Watch Out for These Dealbreakers When Buying a Used Boat

Wouldn’t we all love to have a shiny new boat hooked up to our vehicles’ back, ready to go for a day on the lake? There’s just one problem, though, the amount of money buying new would bring. However, a used boat can still offer fun on the water without having to hand over our life savings to do it.

But buying used can be a risky investment if you don’t know what you’re doing. Lenscove‘s blog offers their guide on what to look for when inspecting a boat so you can avoid buying a lemon. Here are three things to look for that could be considered deal breakers in the purchasing process. 

Check the steering system 

Depending on how old it is, buying a used boat comes with the risk that parts are old and beginning to wear. While you expect some degree of usage with the internal components, you don’t want to buy one close to the breaking point. 

You need to make sure the steering system is in good working order because it could be a significant safety issue if it’s not. Getting it repaired will be costly, and you should pay a professional to do it unless you have extensive knowledge and skills to work on it yourself. 

A simple way to determine if the drive is in terrible shape is to test the lower outboard motor and see how much slack there is in it. Grab the drive and try to yank it back and forth. 

A tiny amount of slack is normal and nothing to worry about in a used boat motor. If you find a lot of movement, with the steering wheel remaining still, there’s a problem, and you should avoid buying it. Of course, if you’re willing to pay to have it fixed, you can use that to drive the price down. 

Check the bellows for wear and tear

Another vital part of buying a used boat is checking the bellows. These are rubberized parts that allow some components of the inboard/outboard motors to connect through the boat’s transom. The bellows allow the parts through, but they keep any water out, so it doesn’t damage the inboard motor or ruin any other internal components. 

If they are in poor condition, it’s a good indication that they will need replacing soon. 

However, they can be very costly to replace. Labor costs alone could set you back quite a bit. Also, if they’re too damaged, you must be sure the internal parts are free from corrosion and not damaged because of it. That would mean that you’re looking at a significant repair bill. 

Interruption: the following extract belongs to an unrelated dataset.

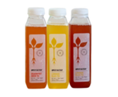 Roots Rice with spinach, 2x roasted sweet potatoes, red onions, goat cheese, pita chips, and dried cranberries. Lemon Tahini dressing and a splash of red wine vinegar. (Optional: Add a Grilled Item)
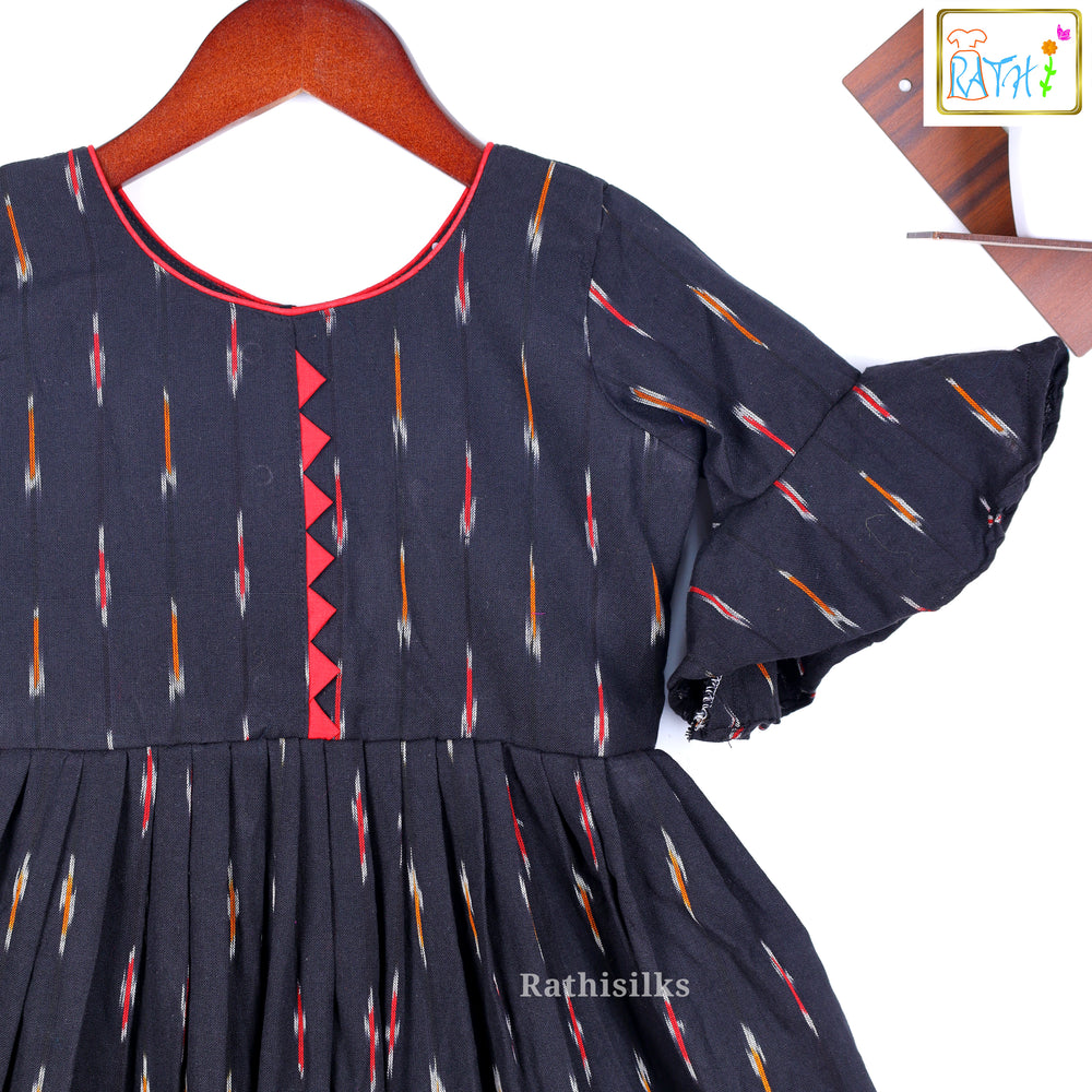 This elegant long frock is a striking piece featuring a classic Ikat (tie-dye) pattern on a dark base. The entire dress is a deep Black/Dark Grey with the characteristic feathered Ikat motifs woven in vibrant threads of Red, Orange, and White/Gold. The bodice has a simple, gathered design, accented by a central vertical strip of triangular Red trim. The neckline is also finished with a thin Red piping. A distinctive feature of this frock is the three-quarter length sleeves, which finish with a stylish double-layered ruffle/flounce. The long, pleated skirt provides a graceful drape, making it suitable for both festive and semi-formal events.

To determine what kind of condition they’re in, you will need to look them over carefully. Look for any cracks within them. A small amount isn’t alarming, but it does mean that they’re starting to wear and will need replacing sometime soon. An extensive amount of cracks means you must take care of it as quickly as possible or risk water invading the internal components. 

Checking the lower unit motor for damage

When buying a used boat, one of the first things you will want to do is inspect the lower unit motor. Look for damage, especially in the propeller area.

Tiny dents and dings here and there aren’t usually much of an issue. But large chunks missing and misshapen propeller blades are a sure sign that there’s been extensive damage done to the outboard motor. 

Continuing to run the motor while still damaged will cause problems to other inboard/outboard components. The lower unit will need repairing pronto, and it won’t be cheap. If you see extensive damage to this part, avoid buying the boat or be prepared to shell out tons of money to fix it. 

Buying a used boat is a great way to save money. But, you want to know what you’re getting into if you’re planning to purchase one you found. Examine it thoroughly, so you know what to expect beforehand. Then you can decide whether the asking price is worth it or not.